Nolan (then Snyder) wanted to make Batman (then Superman) a character grounded in reality. Everything had to be explained, taken apart, and spelled out for the audience. There had to be reasons for everything. And the focus was unrelentingly on negativity: the pain our heroes experience, the nihilism of the world around them, a constant litany of suffering and madness and loss.

Boy, does that get exhausting after the first thirty minutes, let alone the next two to three hours. There's enough of that in the daily news; when I turn to escapist entertainment, that's exactly what I want to do—escape. These grimdark takes on beloved characters just make me more depressed and frustrated.

Superhero stories should be doing the exact opposite. They should be lifting us up and inspiring us, making us cheer and applaud and feel our hearts swell every time the music does. They should be stories about overcoming odds in all the right ways.

Batman and Superman can be these figures; they've been them in the past many times. Superman especially—his whole bag is about being a symbol of hope and optimism, for Chrissakes! (That's why he's got the Kryptonian word for “Hope” on his chest, after all.)

He's powered by the sun, he's an embodiment of the American dream, he's an “aw shucks” farm boy, proud of the fact that his mom made his costume, and he wants to save the world before giving Lois Lane goo-goo eyes when she accepts her Pulitzer.

That's who he is at a fundamental level! And yet Snyder and Co. have cut all of that out of him and turned him into a broody bruiser who stands around looking tragic in the rain, constantly wallowing on past mistakes and indecision—something that goes counter to his entire mission statement as a get-up-and-get-'em good guy.

There's a reason the Christopher Reeves films are so beloved: his Clark Kent is sweet, earnest, and loyal, because that's how Kal-El sees humanity. In creating a human alter ego for himself, he chose to emphasize the qualities he admires the most. Superman loves humanity; his abilities may make him a god to us, but in his eyes, we're the impressive heroes.
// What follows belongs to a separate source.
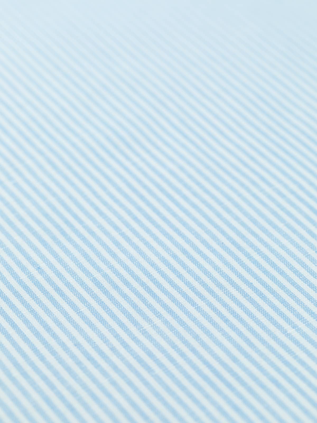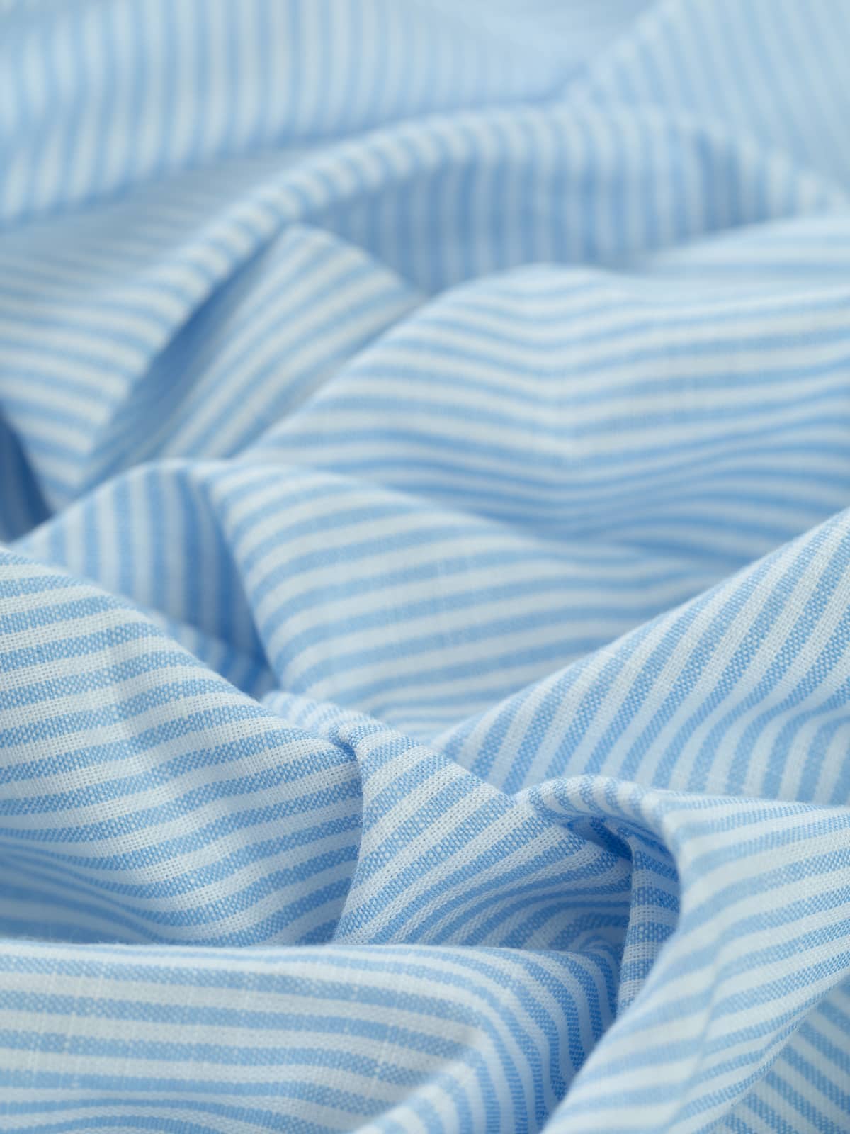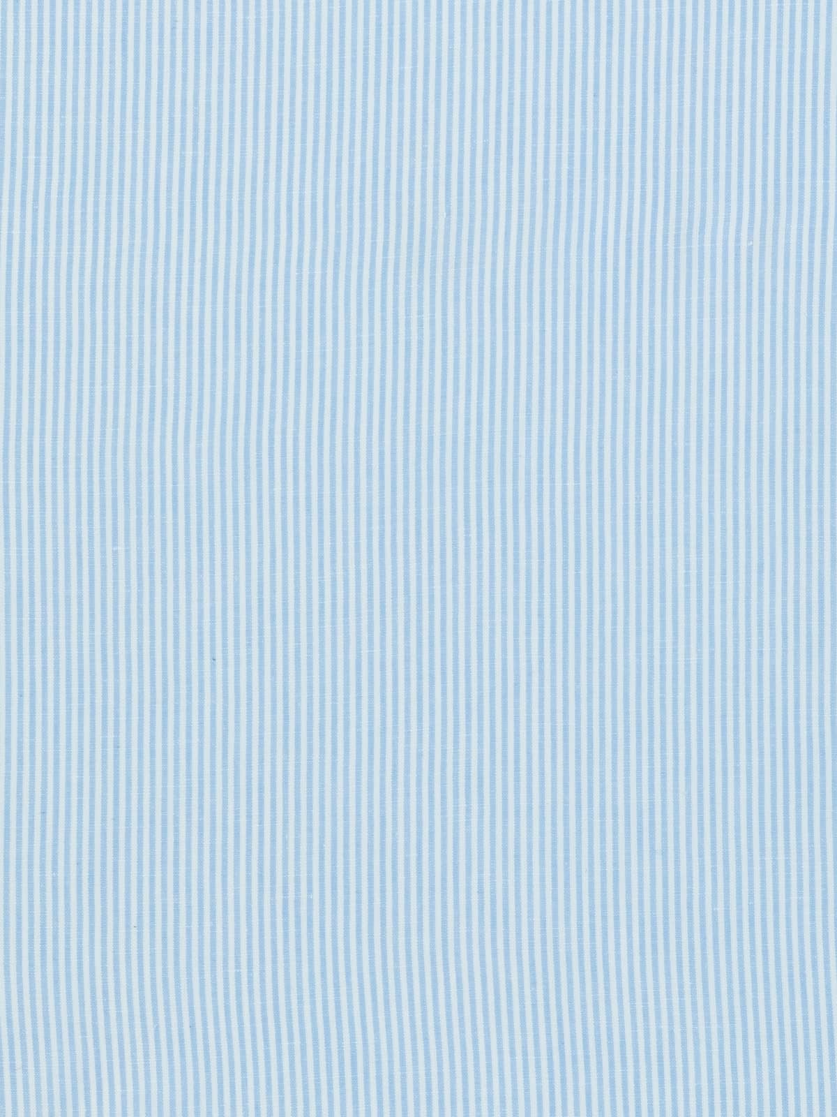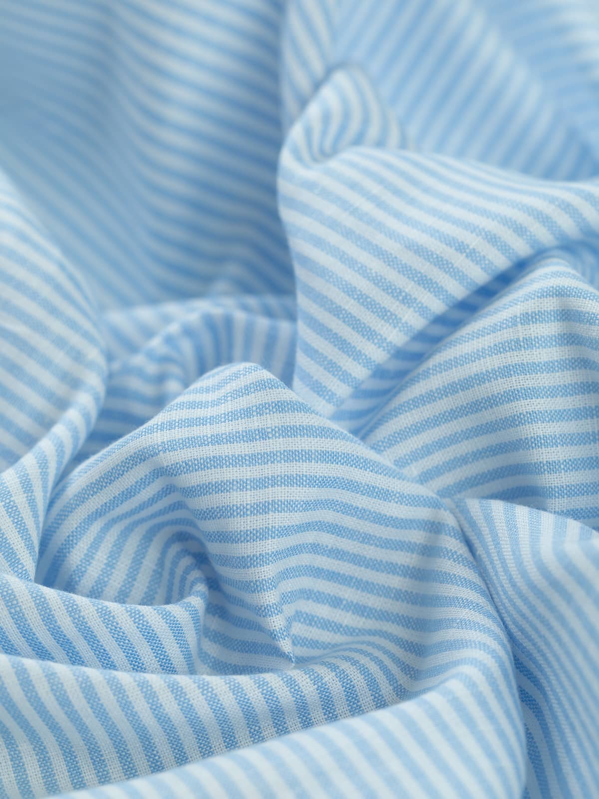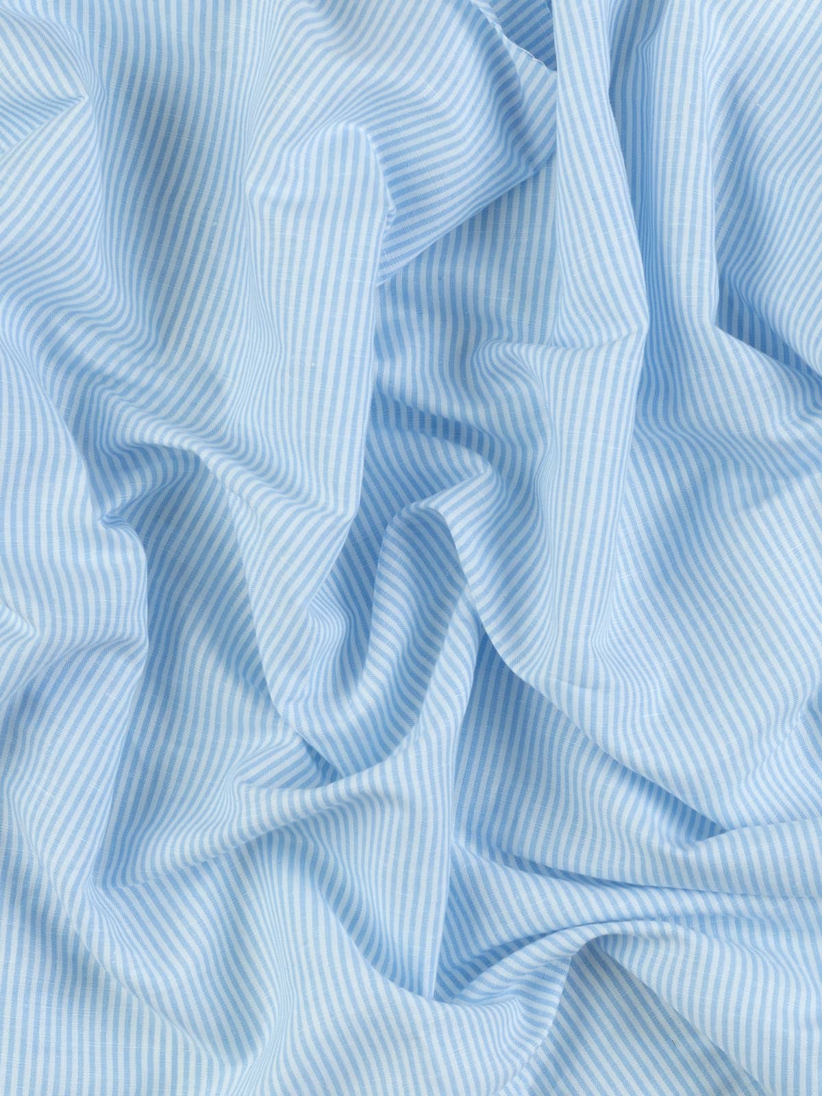 Design: Woven, not printed, with alternating weft yarns forming summery candy stripes in hues of sweet baby blue and fresh white. A classic fine white weft yarn unifies the weave and creates the classic hazy, finely slubbed look of linen.

This Clark readily admits that Lois Lane is the real force of nature in their relationship.

As for Batman: he's always been a dark figure, yes, but even he hasn't always been the overblown caricature of angst that Nolan made him out to be in his trilogy.

He refuses to kill his Rogue's Gallery because he truly believes people can be rehabilitated and saved. He lost his parents to violence, but builds a found family from all of the people he mentors and rescues along the way. He abhors guns because the only thing a gun can do is kill—a Batarang, however, can disarm a mugger or save the Caped Crusader from a twenty-story fall.

A good friend came up with a rallying cry we often use: “Keep Gotham Weird.” This is a city where the id runs wild, where everyone wears their trauma and psychosis on their sleeves in the most flamboyant, dramatic manner.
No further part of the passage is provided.